When they entered the Leaky Cauldron to floo back to Hogwarts, Harry became aware of a strange noise beside him. At first he couldn't quite place it but then it dawned on him with fascinated horror. Snape was _humming _under his breath.

* * *

"Ah, Severus, how was the shopping trip? You're back, quite a bit earlier then I expected." The Headmaster sat with his feet up on his desk.

"Does Minerva know you're showing your appalling manners to students?" Snape asked cattily. The Headmaster quickly removed his feet.

"Lemon drop, Harry?" The Headmaster held out the bowl. Harry shook his head.

"No thank you, Headmaster." He shuffled his feet. Harry wanted to be _very_ far away from here before Snape started telling the Headmaster about the trip. He was sure he wouldn't be able to look the Headmaster in the eye again.

"Go put your things away, Harry," the Headmaster said. "I'm sure your friends want to hear everything about your trip." They can keep wondering about it, Harry thought I'm _never _going to tell anyone about this.

* * *

"Oi, Mate, how was the shopping? Did MacGonnagall take you to Fortescue's?" Ron asked immediately when Harry entered the Tower.

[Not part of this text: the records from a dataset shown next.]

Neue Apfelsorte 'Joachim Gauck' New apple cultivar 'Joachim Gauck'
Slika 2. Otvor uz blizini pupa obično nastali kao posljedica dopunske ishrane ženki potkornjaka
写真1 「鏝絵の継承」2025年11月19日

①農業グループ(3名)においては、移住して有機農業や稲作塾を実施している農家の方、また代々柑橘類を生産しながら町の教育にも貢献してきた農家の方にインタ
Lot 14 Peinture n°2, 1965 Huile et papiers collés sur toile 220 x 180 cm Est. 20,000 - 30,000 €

"No, she didn't." Harry said, "And I didn't see the new Nimbus." This was said in the direction of Seamus. "It was an horrible trip, and that is all I'm ever going to say about it." he announced to the Common Room in general, before slipping up the stairs to the dorm. He hoped the rest of the house would take it as a warning and stop asking questions.

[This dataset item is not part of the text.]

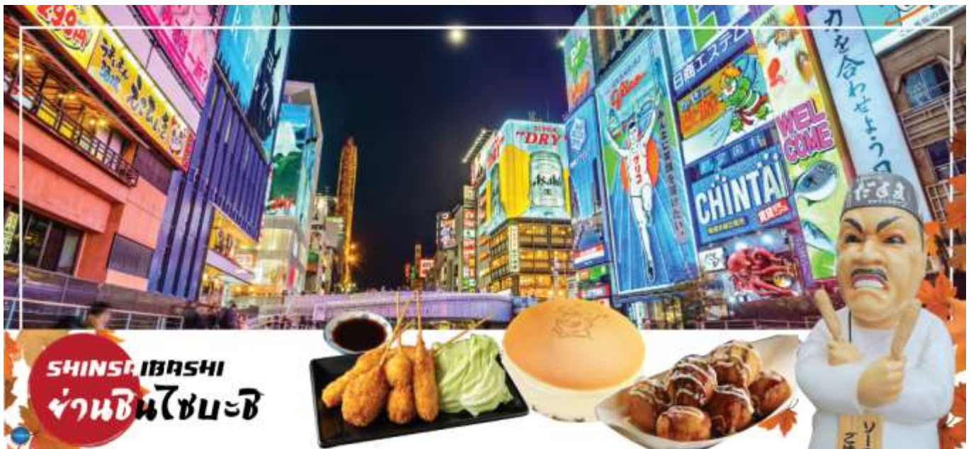
เย็น อิสระรับประทานอาหารเย็นตามอัธยาศัย

จากนั้นอิสระช้อปปิ้ง ย่านชินไซบาชิ (Shinsaibashi) (ใช้เวลาเดินทางประมาณ 1 ชั่วโมง) บริเวณแหล่งช้อปปิ้งแห่งนี้มีความยาวประมาณ 600 เมตร เต็มไปด้วยร้านค้าปลีก ร้านแฟชั่น ร้านเครื่องสำอางค์ ร้านรองเท้า กระเป๋า นาฬิกา ร้านกาแฟ ร้านอาหาร ร้านขนม ร้านเสื้อผ้าสตรีทแบรนด์ทั้งญี่ปุ่นและต่างประเทศ เช่น Zara H&M Beans ABC Mart เป็นต้น เรียกว่ามีทุกอย่างที่ต้องการรวมกันอยู่บริเวณนี้ ใกล้กันท่านสามารถเดินไปยัง ย่านโดทงโบริ (Dotonbori) ย่านบันเทิงยามค่ำ คินดอลอดแนวถนนเลียบบคลองโดทงโบริ จากสะพานโดทงโบริบาชิไปจนถึงสะพานนิปปอนบาชิ ไฮไลท์!!! ใดๆ ก็เช็คอิน ถ่ายภาพคู่ ป้ายกูลิโกะแมน หรือ ป้ายโดทงโบริกูลิโกะ (Dotonbori Glico Sign) เป็นป้ายไฟนีออนรูปนักกรีฑากำลังวิ่งอยู่บนลู่วิ่ง ซึ่งถูกติดตั้งมาตั้งแต่ ปี ค.ศ.1935 นอกจากนี้ยังมีอีกหนึ่งสัญลักษณ์สถานที่นัดพบกันหลง นั่นก็คือ ร้านปูคานิโดราคุ (Kani Doraku) ซึ่งมีปู้ยักซ์ขยับแขนและลูกตาได้อีกด้วย และห้ามพลาดสำหรับ ทาโกะยากิ อาหารท้องถิ่นของชาวโอซาก้า ที่มาถึงถิ่นแล้วต้องลอง Original Taste รับรองไม่ผิดหวังแน่นอน

Not even ten minutes later, the door to the dorms opened and Hermione, Ron, Seamus and Neville entered with worried looks.

"Harry? Who took you shopping? I saw Professor MacGonnagall in the library earlier this day." Hermione asked. Harry groaned. Why couldn't they leave him in peace?

"..." he mumbled into his pillow.

"Who?" Ron asked, "I didn't quite catch that, mate."

"I said: Snape." Harry almost yelled. There was a moment of stunned silence. And then he heard it: strange muffled noises, almost a cross between hiccoughs and snorts. Someone was trying to keep in his laughter. Scratch that, several someones were trying to keep in their laughter. And failing miserably.

Harry closed the curtains and pulled the duvet over his head. He wasn't going to come out until they were gone for dinner. Or until the day was over. Better yet, the week. Hell, he was _never_ going to come out.